Things aren’t always what they seem. What starts as a natural gas play can become an oil/gas liquids play. Sometimes the best thing to do is circle back to your roots. But it’s important to always know where you are, especially when you’re in the Eagle Ford Shale in South Texas.
Starting in 2006 Pioneer Natural Resources Co. returned from a foray into the Gulf of Mexico to focus again on the Spraberry Trend of west-central Texas, as well as the Eagle Ford and the Barnett Combo in North Texas. It apparently was a good move.
“I never would have thought we would have found what we have in any of these three plays to date,” Pioneer CEO Scott Sheffield told attendees at Hart Energy Publishing’s Developing Unconventional Gas: Eagle Ford conference in San Antonio, TX, last week.
Perhaps because he’s been in the Spraberry Oil Field for 31 years, Sheffield couldn’t resist talking about it at the Eagle Ford conference. It’s “probably the biggest boom play that I’ve seen in the past couple years. It’s at an all-time high, 170 rigs running in this play; it’s probably going over 200 rigs.”
That enthusiasm is indicative of the industry’s lust for oil and liquids plays in an era of $4 gas that offers no end in sight.
The Eagle Ford began as a natural gas play — and it still is, in part — with discoveries by Petrohawk Energy Corp. “Now I classify it as the largest oil discovery since Prudhoe Bay…” Sheffield said. Recent reserve projections of 150 Tcf in the Eagle Ford exclude the oil portion of the play. “So it’s going to grow significantly,” he said. “And roughly we’re estimating now that about half of the play will be related to condensate and oil.
“That’s why the rig count has jumped. It’s up to 120 rigs, and based on the number of JVs [joint ventures] that I know will probably get done, this rig count will be up over 200 rigs in the next 12 to 18 months in this play.”

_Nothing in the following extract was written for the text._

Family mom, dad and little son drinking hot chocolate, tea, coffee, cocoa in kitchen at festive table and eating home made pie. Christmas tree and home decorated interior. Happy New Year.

Today’s market economics clearly favor the development of the Eagle Ford’s oil and wet gas resource (see NGI, Oct. 4).
Dallas-based Pioneer got active in the South Texas region where the Eagle Ford lies back in the mid-1980s when it was working the Edwards Trend, a formation below the Eagle Ford. In 2006 when the company refocused on South Texas it bought most of its acreage there for around $150-200/acre, Sheffield said. Pioneer drilled through the Eagle Ford and Edwards, took cores and began testing on the Eagle Ford in 2006. “We have shot over 2,000 square miles of 3-D seismic, so we probably have the best seismic database because it was already pre-shot before all the Eagle Ford announcements,” Sheffield said.
And then Pioneer struck its Eagle Ford JV with India’s Reliance Industries Ltd., a $1.15 billion deal (see NGI, June 28). From five Eagle Ford rigs currently, Sheffield projects the tally to be seven by year-end and 14 rigs within the next 12-18 months.

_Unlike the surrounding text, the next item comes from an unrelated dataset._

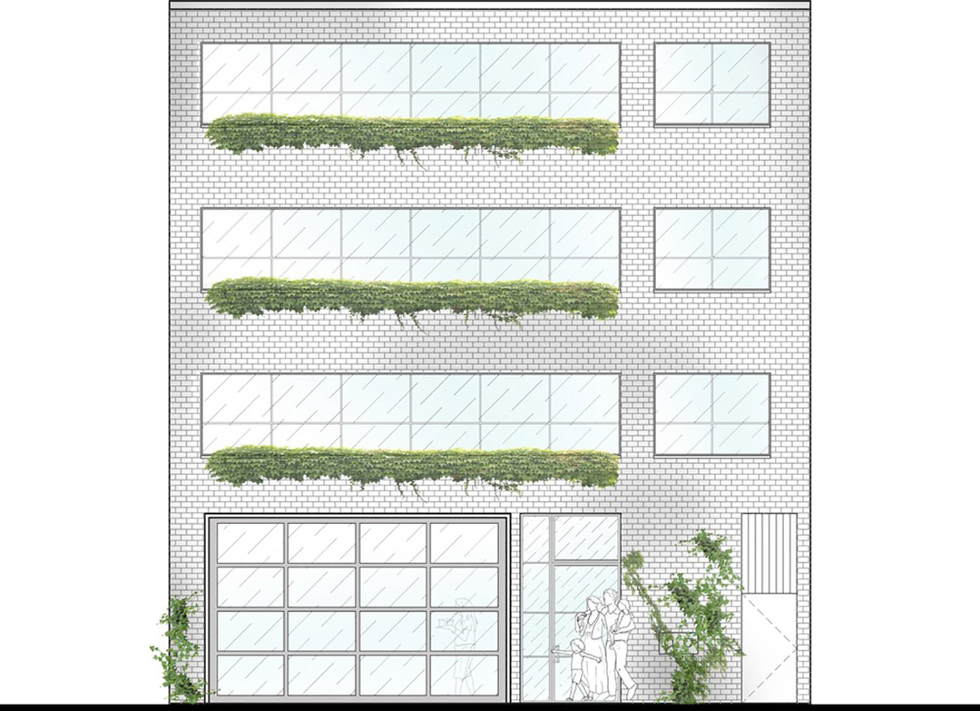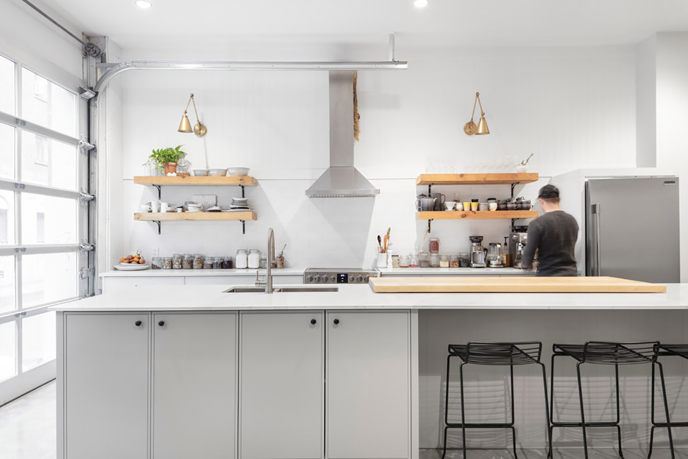 The street façade opens outward and lets in the daylight from the large glazed garage door, preserved as an architectural element to recall the old function. It, among other things, allows the space to be fully opened in the summer season to enjoy natural ventilation. This structural feature is also a gesture of openness to the neighborhood, providing an opportunity to offer inclusive creative activities reinforcing the family spirit of the place and openness to the community

“We’re in the best part, the deepest part, the most pressurized part of the play in what we call the condensate area, where 80% of our acreage is in the rich and lean condensate area of the play,” Sheffield said. Pioneer has virtually nothing in the play’s oil window, so its interests lie in condensate, natural gas liquids and dry gas.
The Eagle Ford spans 330 miles across Texas and also lies in Mexico, where Sheffield said he’s heard that the country’s Petroleos Mexicanos has begun drilling Eagle Ford wells. The resource can change quickly as one moves across the play, from dry gas to liquids-rich gas in just six miles, Sheffield said. “You need to know exactly where you are. It’s important to have 3-D seismic in this play to know where to put your horizontal wells.”
The frenzy in the Eagle Ford will be drawing pressure pumping resources from dry gas plays such as the Haynesville Shale in North Louisiana and elsewhere, Sheffield said, since the oilfield services industry does not have enough assets on the ground to cover the soon-to-come hydraulic fracturing needs of the Eagle Ford. For its part, Pioneer will own a portion of the pressure pumping fleets it utilizes, a business model it began in the Raton Basin in Colorado about six years ago.
“We’re glad we did [that] because these service companies have not been able to provide the equipment to date,” Sheffield said. “It will get worse.”